Unable to put together the financing to maintain full staffing, New Orleans Mayor Ray Nagin (D) said Tuesday that he'll lay off as many as 3,000 nonessential city employees, or about half the workforce. The cuts are expected to trim as much as $8 million from a $20 million monthly payroll. Meanwhile, The Washington Post, citing Red Cross and Federal Emergency Management Agency officials, said that because other housing options haven't materialized, 400,000 people left homeless by Katrina will continue to live in hotels. The plan to relocate them by Oct. 15 will be extended indefinitely at an estimated $8.3 million a day.

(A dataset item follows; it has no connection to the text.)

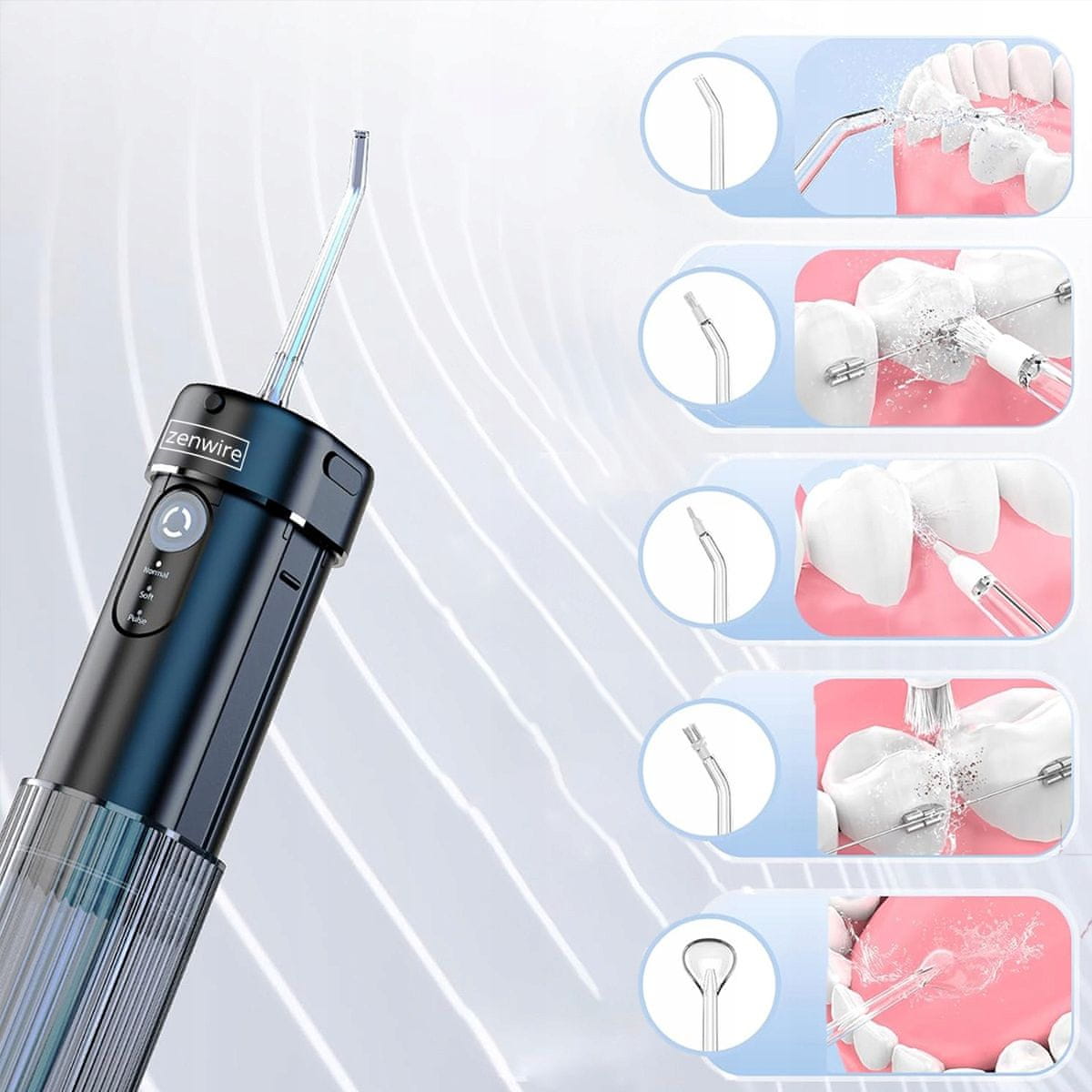 ✅ Z 6 priloženimi nastavki je irigator Zenwire WF309 celovito orodje za dnevno ustno higieno.

The Environmental Protection Agency told Congress Tuesday that $507 million was spent last year cleaning up 40 of the most hazardous US waste sites, bringing the total number to 900 since the federal Superfund program began decontamination efforts in 1980. Another 1,237 such sites remain.
Investigators trying to determine the cause of a tourist boat accident on Lake George, N.Y., that killed 20 senior citizens have turned their attention to excess weight as a possible cause of the capsizing, reports said.
No candidate won a majority of the vote in Tuesday's special election to fill an Orange County, Calif., congressional seat. The outcome forces a December runoff that will pit former state Sen. John Campbell (R), the favorite, against several other candidates, including Jim Gilchrist, founder of a volunteer border patrol group.
Robert Grubbs of Caltech and Richard Schrock of the Massachusetts Institute of Technology join Frenchman Yves Chauvin as corecipients of the 2005 Nobel Prize in chemistry. They'll share a $1.3 million award for their work in metathesis, a method for causing atoms to change places that's used in reducing hazardous waste from drug and plastics production.